Input data |
- - - - - - -

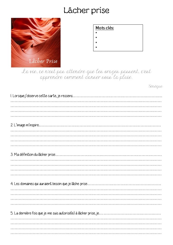 Lorsque j’ai réellement saisie l’idée de lâcher prise et que je me suis libérée de fait des contraintes que je m’imposaient ou qui m’étaient imposées, ma vie a été transformée, effectivement. Je vis désormais en accord avec moi-même, je ne me justifie plus pour chacun de mes choix, de mes réactions, de mes envies. Je suis attentive à ce qui se passe autour de moi et j’effectue mes choix en fonction de ce qui me fait vibrer. Je ne passe plus mon temps à élaborer de multiples plans, principaux et annexes, en essayant de couvrir l’éventail de possibilités. Je saisis ce qui se propose à moi, et je ne me pose pas de questions inutiles. Si je l’ai saisi, c’est que c’était quelque chose que j’avais besoin de vivre, de connaitre, d’expérimenter. Lorsque le temps sera venu de vivre autre chose, elle se présentera à moi. Je peux donc faire ce que j’ai à faire, vivre ce que j’ai à vivre sans me préoccuper du reste. J’ai lâché prise.
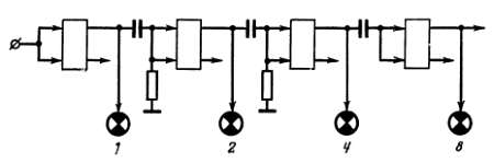 Триггер 1 включен так, что каждый импульс, посылаемый на управляемый им ключ, стремится переключить триггер 2 в такое же положение, в каком находится триггер 1. Точно так же устроена связь между триггерами 2 и 3, между 3 и 4 и между 4 и 5.
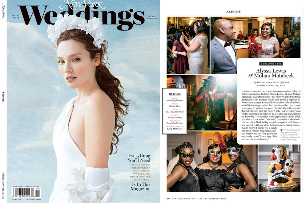 That summer picnic led to love and the Halloween reception which I am sharing with you today. Thanks to being swamped with work at the time of their wedding, I didn’t post a blog about their reception. As the calendar continued, I decided to save their special Halloween treat for this year. My timing worked out perfectly, because Alyssa and Mohan’s wedding was declared so fabulous that it has been featured in the latest issue of New York Magazine Weddings. The issue is on stands now, so pick up your copy.
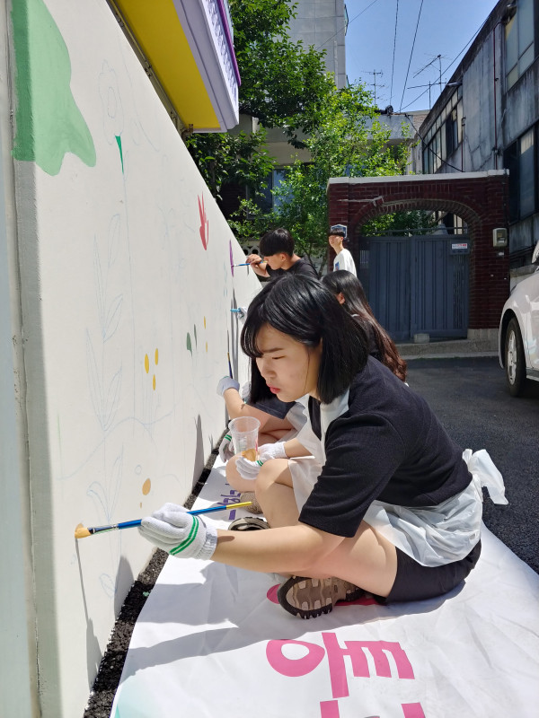 강동구가 최근 아동자치센터 ‘꿈미소 2호점’(구립강암경로당 2층ㆍ구천면로47가길 45) 개소를 기념해 ‘벽화 그리기 이벤트’를 개최했다. 사진은 꿈미소 2호점 벽에 벽화를 그리고 있는 성덕고등학교 미술동아리 'ARTY' 회원들의 모습. (사진제공=강동구청)
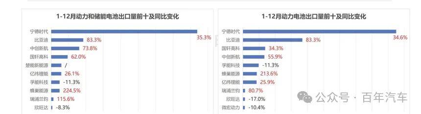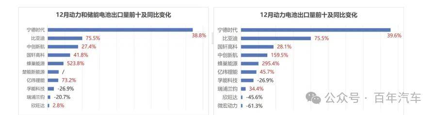 1-12月,动力和储能电池出口累计同比增长50.7%,比亚迪、中创新航、国轩高科、蜂巢能源、瑞浦兰钧等超过平均增速。

- - - - - - -

Task statement |
Nothing but the lines from the line with "That summer picnic" through the last line of the data above should be printed, exactly as written and without pictures.

Solution to the exercise |
 That summer picnic led to love and the Halloween reception which I am sharing with you today. Thanks to being swamped with work at the time of their wedding, I didn’t post a blog about their reception. As the calendar continued, I decided to save their special Halloween treat for this year. My timing worked out perfectly, because Alyssa and Mohan’s wedding was declared so fabulous that it has been featured in the latest issue of New York Magazine Weddings. The issue is on stands now, so pick up your copy.
 강동구가 최근 아동자치센터 ‘꿈미소 2호점’(구립강암경로당 2층ㆍ구천면로47가길 45) 개소를 기념해 ‘벽화 그리기 이벤트’를 개최했다. 사진은 꿈미소 2호점 벽에 벽화를 그리고 있는 성덕고등학교 미술동아리 'ARTY' 회원들의 모습. (사진제공=강동구청)
 1-12月,动力和储能电池出口累计同比增长50.7%,比亚迪、中创新航、国轩高科、蜂巢能源、瑞浦兰钧等超过平均增速。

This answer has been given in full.